> _PROBLEM TO SOLVE_
A faithful copy of the data below is required, leaving out every picture.

+++ DATA SHOWN +++

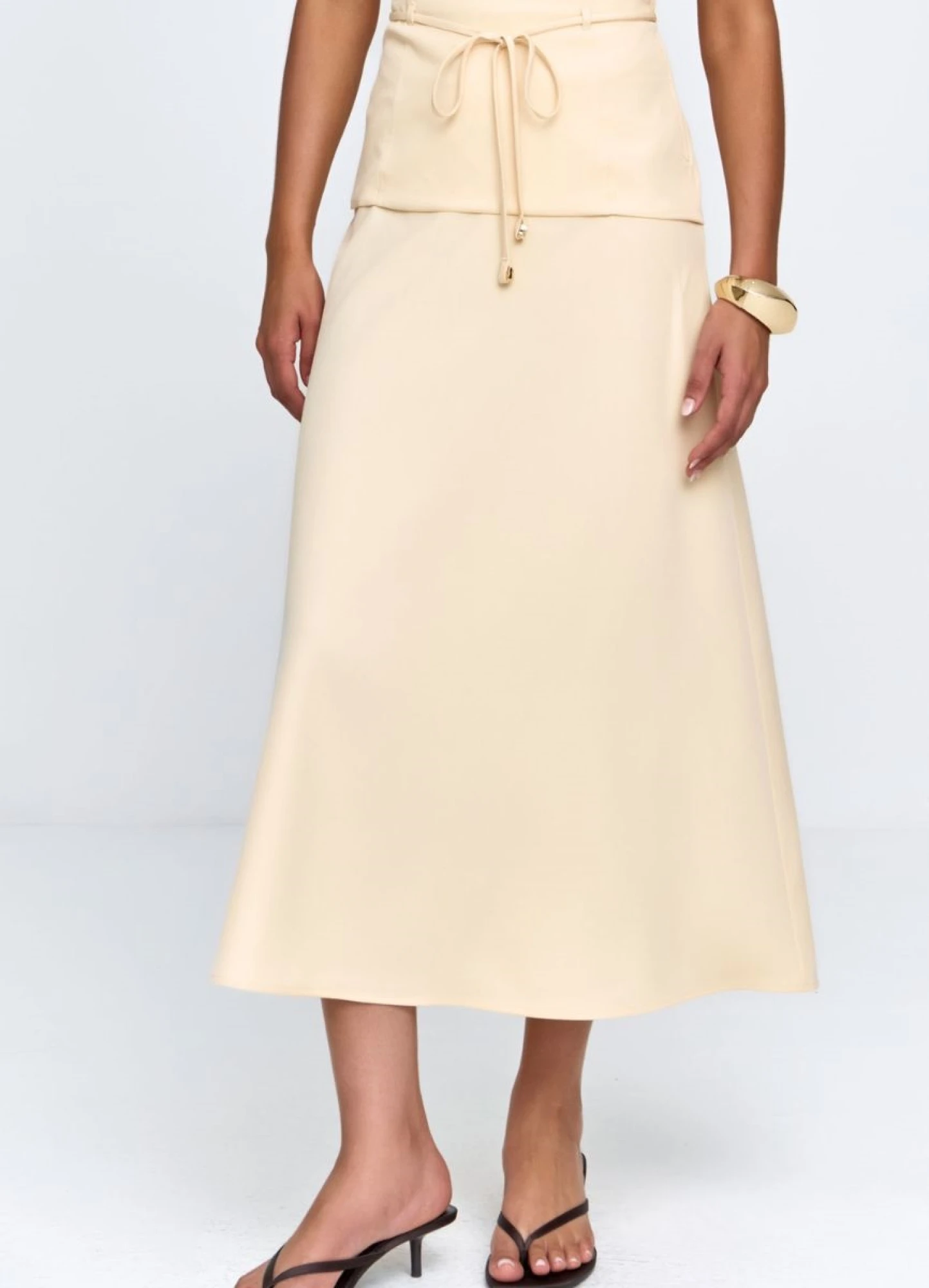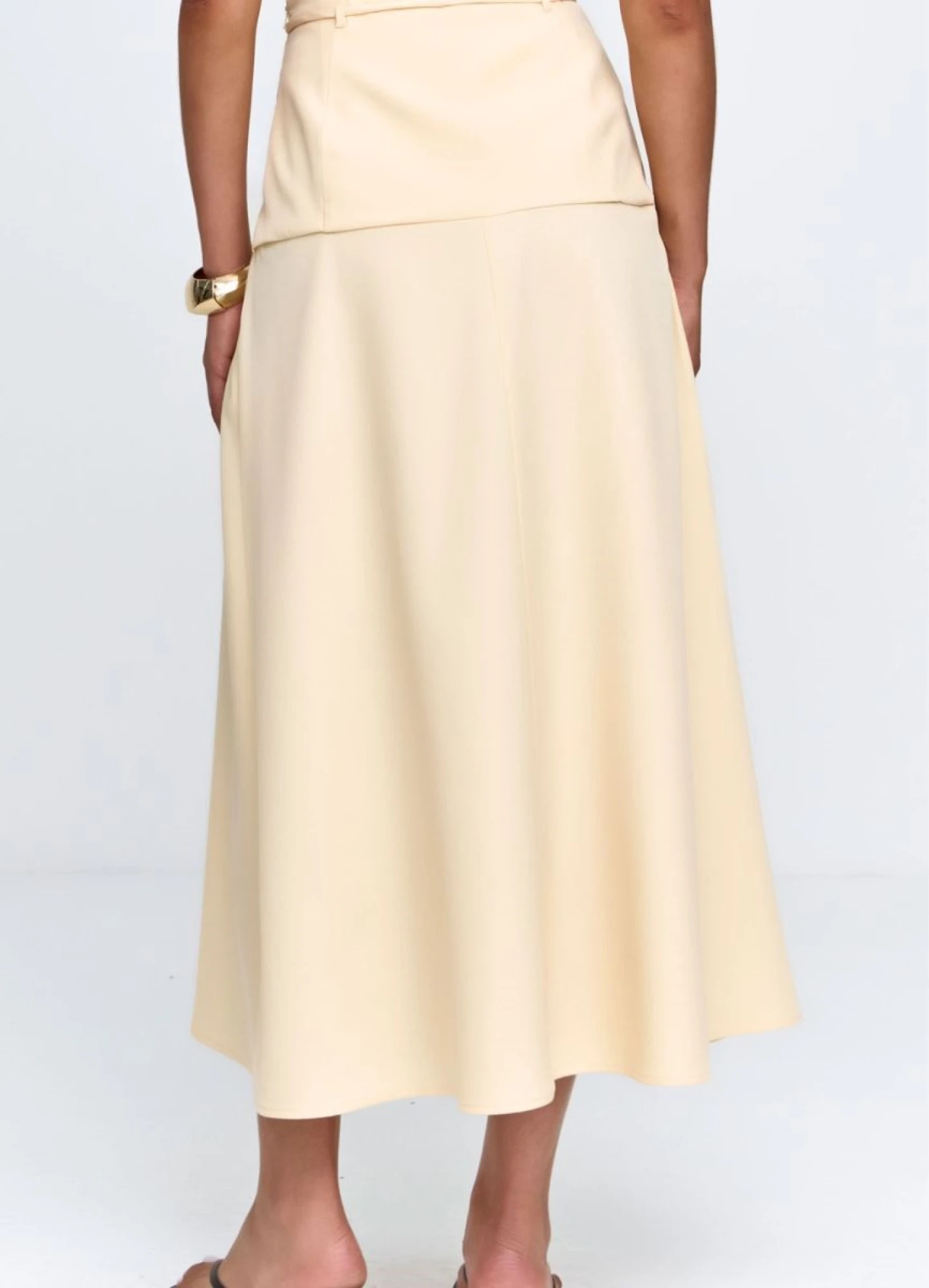 SAIA ALFAIATARIA MIDI, COM PASSANTE E CINTO FORRADO, MODELAGEM AJUSTADA E BEM FLUIDA.
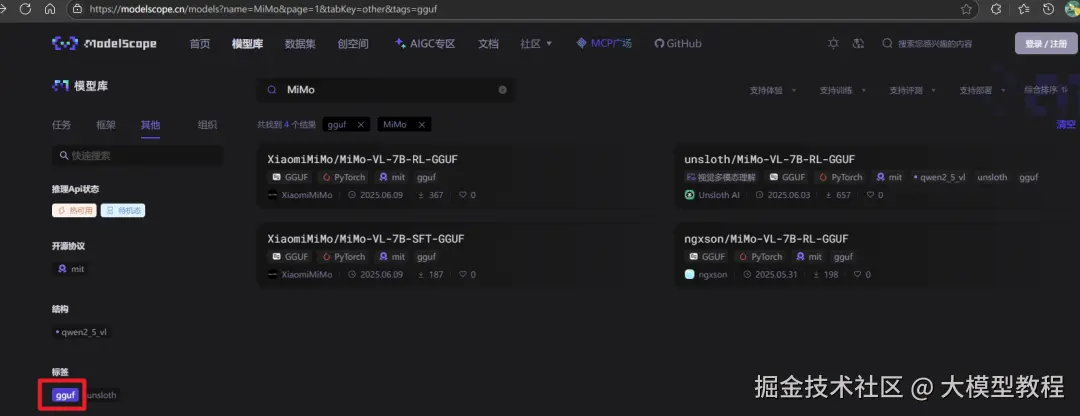 有些大模型并未上架 ollama,例如小米开源的 MiMo,如果我们想使用该模型,可以从 魔塔社区、HuggingFace 等大模型社区搜索并下载
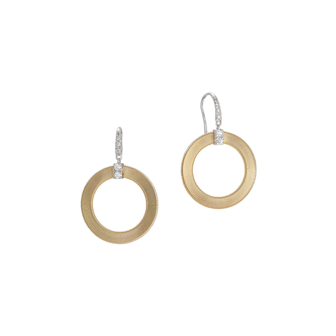 Ref. OG378-AB B YW - Dieser Ohrhänger aus 18-karätigem Gelbgold charakterisiert sich durch seine weiche, runde Linienführung. Er besteht aus einer Flachspirale und hat einen Haken mit Diamanten im Brillantschliff.
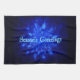 A wintry theme featuring a swarm of blue fractal snowflakes. Text reading "Season's Greetings" appears in glowing blue and white.
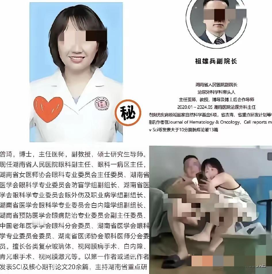 湖南省人民医院肖亚洲院长怕是要被自家两位“精英”气到血压飙升!17分钟的爆料视频一曝光,直接 把医院推上热搜风口,里子面子碎了一地 泌尿科祖副院长和眼科曾主任,本该是救死扶伤的行业标杆,却因不正当男女关系的实锤,让隐藏多年的私事公之于众,所谓的“专家光环”瞬间碎成渣。 事件发酵这么多天,医院和当事人全程沉默,既不否认也不回应,这态度比爆料本身更耐人寻味——要是没影的事,哪会任由舆论发酵? 说到底,医术高超从来不是突破道德底线的通行证,穿上白大褂是治病救人的医者,脱下白大褂也该是守得住底线的普通人 观众尊重的从来不是“专家”头衔,而是头衔背后的医德与人品,一旦人品塌方,再精湛的医术也难以让人信服。 真正的行业精英,不该只拼专业能力,更该守好做人的底线。医术是安身立命的本事,而人品才是行走世间的底气。 你觉得对于手握“健康权”的医者,医德和医术哪个更该被放在首位?来评论区说说你的看法!
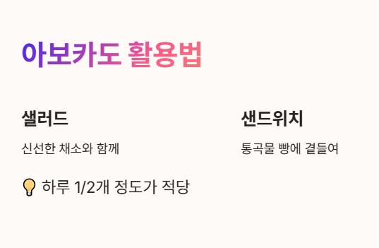 아보카도는 과일이지만 단맛이 거의 없고 지방 함량이 높은 특별한 과일이에요. 🥑
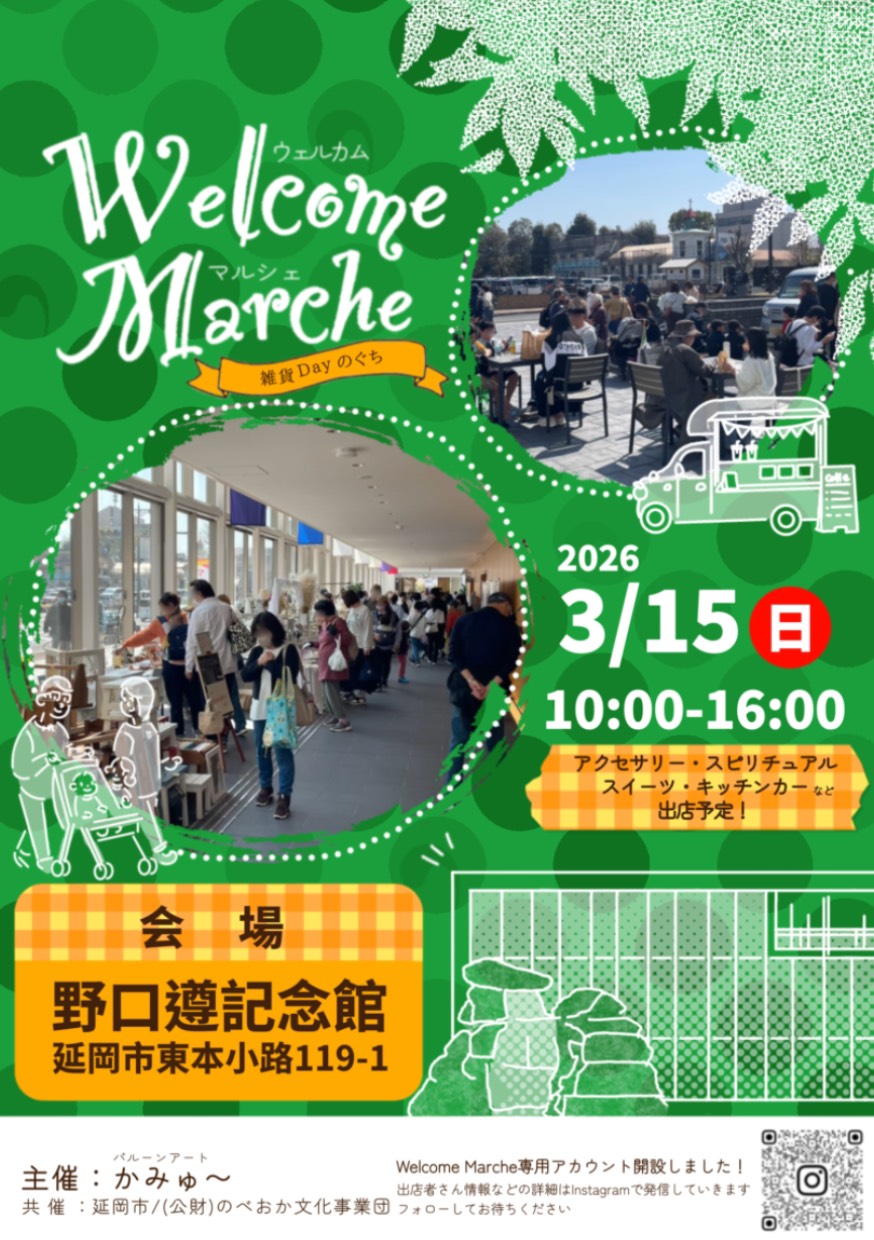 本日のイベント 3月2日( 月 ) ホール 本日のイベントはありません フリースペースA 本日のイベントはありません フリースペースB 本日のイベントはありません ギャラリー 野口遵顕彰ギャラリー ピックアップイベントPICK UP 2026年3月14日(土) 開場17:45 開演18:30 延岡フィルハーモニー管弦楽団≪楽団創立35周年記念》第21回定期演奏会 チケット発売中! 2026年3月15日(日) 10:00~16:00 延岡伝説の日 雑貨Dayのぐち「ウェルカムマルシェ」 2026年3月28日(土) 10:00~11:00(最終受付10:30) 楽しく学ぼう!わくわく科学遊びワークショップ「作って実験!キラキラ☆キーホルダー」 申込受付中! 2026年3月28日(土) 開場11:10 開演11:30 楽しく学ぼう!わくわく科学遊び チケット発売中! 2025年3月29日(日) 10:00~16:00 雑貨Dayのぐち「えんクラフトマーケットvol.9」 イベント情報 お知らせINFORMATION 2026.03.01 施設予約の受付開始時期について(野口遵記念館) 2025.11.10 延岡総合文化センター開館40周年記念 「文化祈念シンポジウム」の開催について 2024.11.29 公演チケットのオンライン購入について 2024.08.09 聴覚障がい者補聴誘導システム受信機貸出しのご案内 お知らせ一覧
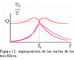 Si se realiza un barrido de frecuencias a la entrada del circuito, midiendo el valor de la tensión a la salida y se traza un gráfico en el que se represente la relación entre la tensión de salida y la de entrada, Us/U, en función de la frecuencia, se obtiene las curvas trazadas en la figura 11, para cada filtro.
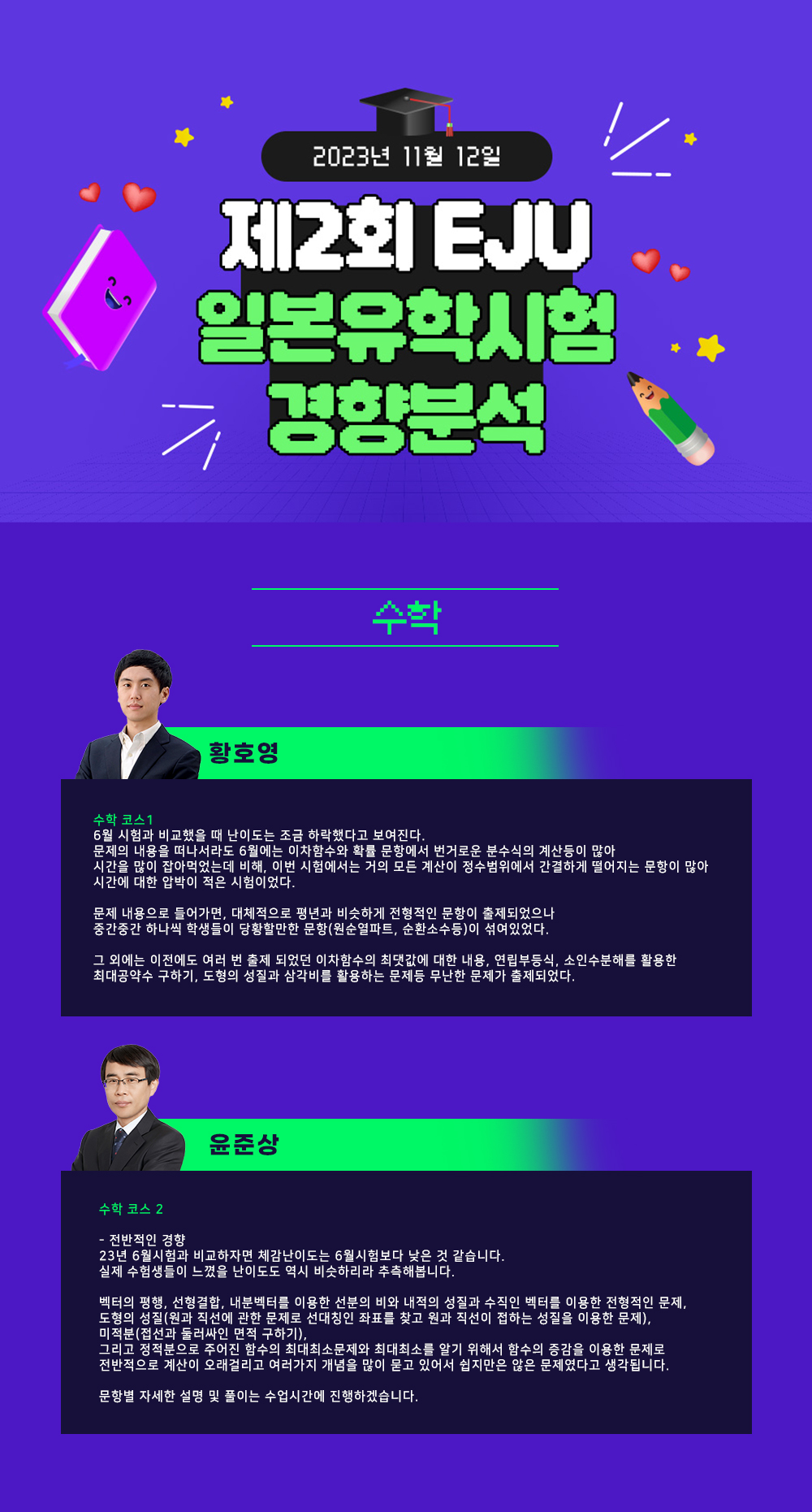 2023년 11월 12일 제2회 EJU 일본유학시험 경향분석 - 수학
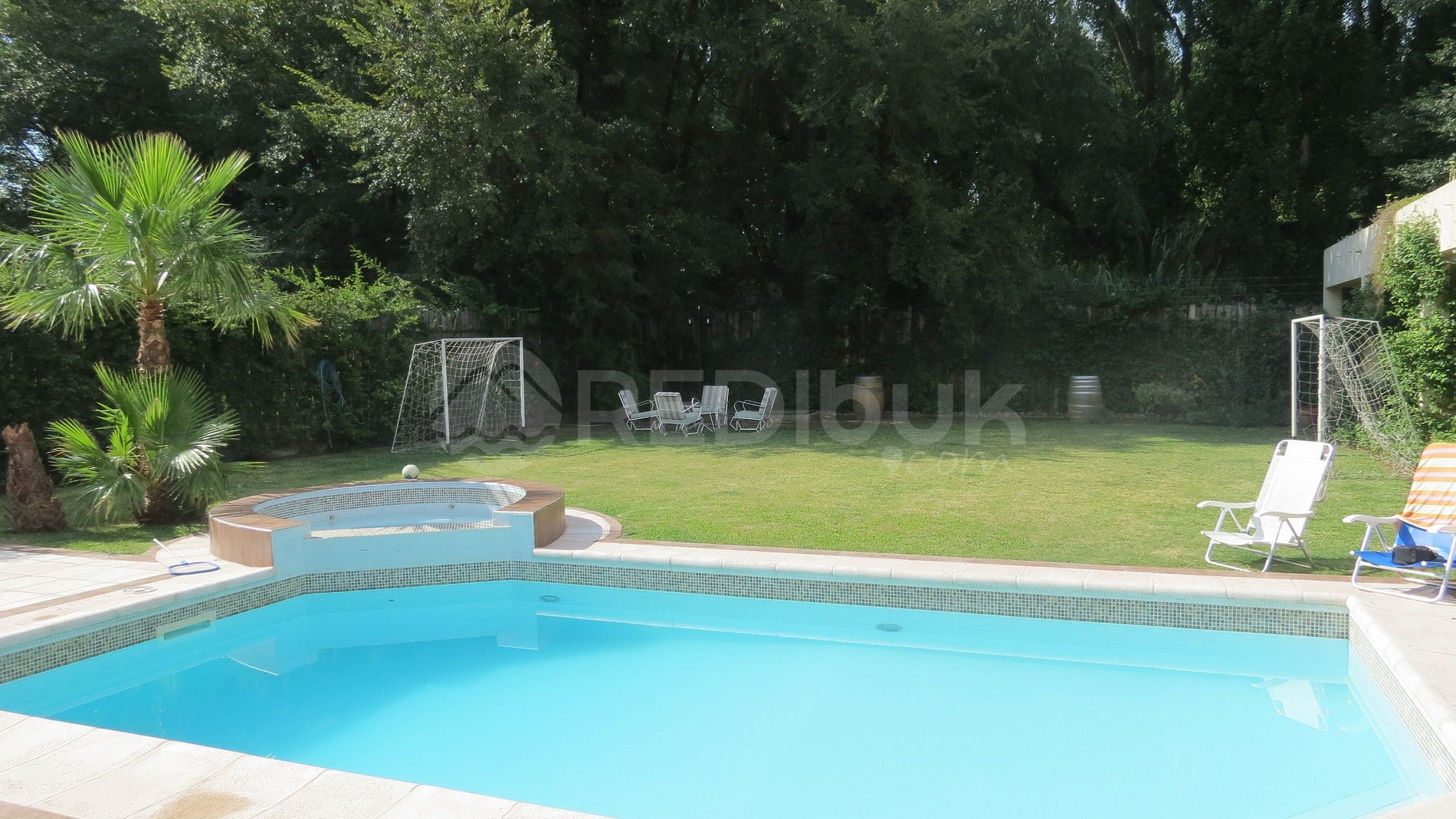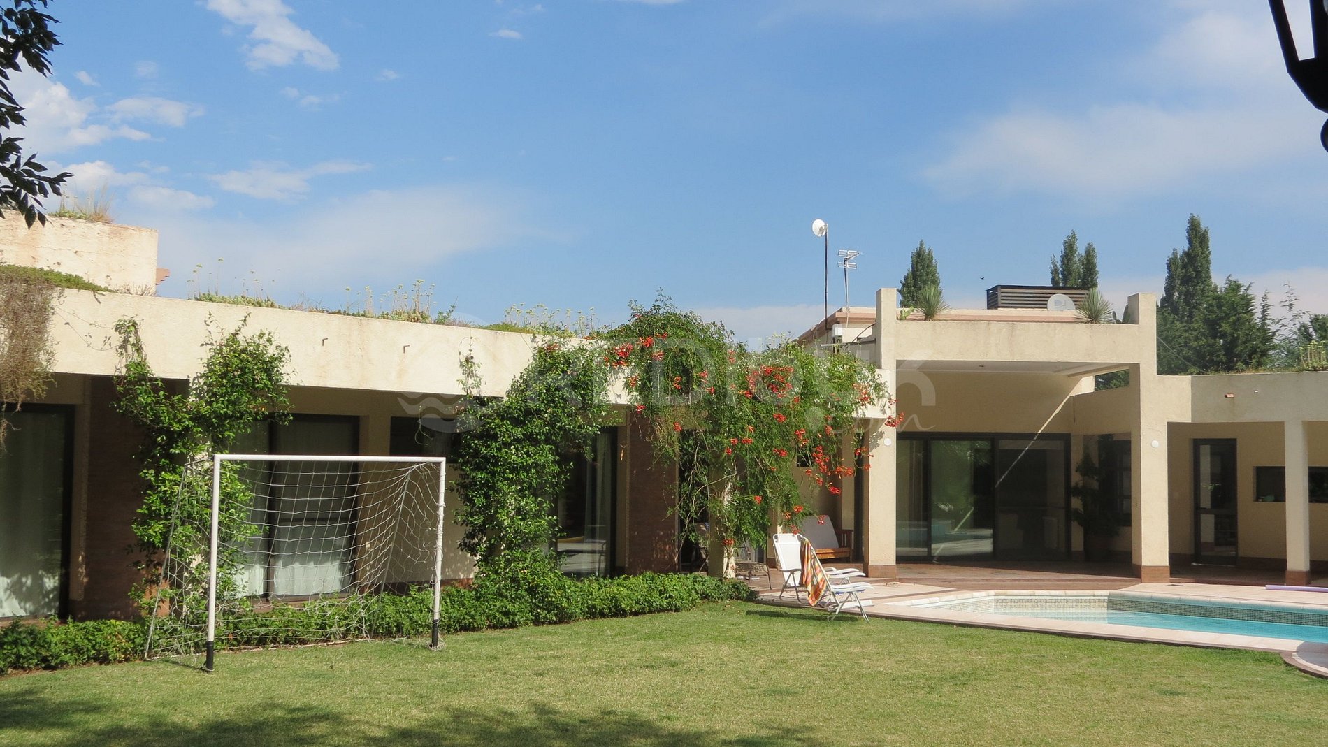 The house has a large parking lot and patio with a wonderful green environment. Its large pool will make your stay more entertaining and comfortable.

+++

> _RESULT_
 SAIA ALFAIATARIA MIDI, COM PASSANTE E CINTO FORRADO, MODELAGEM AJUSTADA E BEM FLUIDA.
 有些大模型并未上架 ollama,例如小米开源的 MiMo,如果我们想使用该模型,可以从 魔塔社区、HuggingFace 等大模型社区搜索并下载
 Ref. OG378-AB B YW - Dieser Ohrhänger aus 18-karätigem Gelbgold charakterisiert sich durch seine weiche, runde Linienführung. Er besteht aus einer Flachspirale und hat einen Haken mit Diamanten im Brillantschliff.
 A wintry theme featuring a swarm of blue fractal snowflakes. Text reading "Season's Greetings" appears in glowing blue and white.
 湖南省人民医院肖亚洲院长怕是要被自家两位“精英”气到血压飙升!17分钟的爆料视频一曝光,直接 把医院推上热搜风口,里子面子碎了一地 泌尿科祖副院长和眼科曾主任,本该是救死扶伤的行业标杆,却因不正当男女关系的实锤,让隐藏多年的私事公之于众,所谓的“专家光环”瞬间碎成渣。 事件发酵这么多天,医院和当事人全程沉默,既不否认也不回应,这态度比爆料本身更耐人寻味——要是没影的事,哪会任由舆论发酵? 说到底,医术高超从来不是突破道德底线的通行证,穿上白大褂是治病救人的医者,脱下白大褂也该是守得住底线的普通人 观众尊重的从来不是“专家”头衔,而是头衔背后的医德与人品,一旦人品塌方,再精湛的医术也难以让人信服。 真正的行业精英,不该只拼专业能力,更该守好做人的底线。医术是安身立命的本事,而人品才是行走世间的底气。 你觉得对于手握“健康权”的医者,医德和医术哪个更该被放在首位?来评论区说说你的看法!
 아보카도는 과일이지만 단맛이 거의 없고 지방 함량이 높은 특별한 과일이에요. 🥑
 本日のイベント 3月2日( 月 ) ホール 本日のイベントはありません フリースペースA 本日のイベントはありません フリースペースB 本日のイベントはありません ギャラリー 野口遵顕彰ギャラリー ピックアップイベントPICK UP 2026年3月14日(土) 開場17:45 開演18:30 延岡フィルハーモニー管弦楽団≪楽団創立35周年記念》第21回定期演奏会 チケット発売中! 2026年3月15日(日) 10:00~16:00 延岡伝説の日 雑貨Dayのぐち「ウェルカムマルシェ」 2026年3月28日(土) 10:00~11:00(最終受付10:30) 楽しく学ぼう!わくわく科学遊びワークショップ「作って実験!キラキラ☆キーホルダー」 申込受付中! 2026年3月28日(土) 開場11:10 開演11:30 楽しく学ぼう!わくわく科学遊び チケット発売中! 2025年3月29日(日) 10:00~16:00 雑貨Dayのぐち「えんクラフトマーケットvol.9」 イベント情報 お知らせINFORMATION 2026.03.01 施設予約の受付開始時期について(野口遵記念館) 2025.11.10 延岡総合文化センター開館40周年記念 「文化祈念シンポジウム」の開催について 2024.11.29 公演チケットのオンライン購入について 2024.08.09 聴覚障がい者補聴誘導システム受信機貸出しのご案内 お知らせ一覧
 Si se realiza un barrido de frecuencias a la entrada del circuito, midiendo el valor de la tensión a la salida y se traza un gráfico en el que se represente la relación entre la tensión de salida y la de entrada, Us/U, en función de la frecuencia, se obtiene las curvas trazadas en la figura 11, para cada filtro.
 2023년 11월 12일 제2회 EJU 일본유학시험 경향분석 - 수학
 The house has a large parking lot and patio with a wonderful green environment. Its large pool will make your stay more entertaining and comfortable.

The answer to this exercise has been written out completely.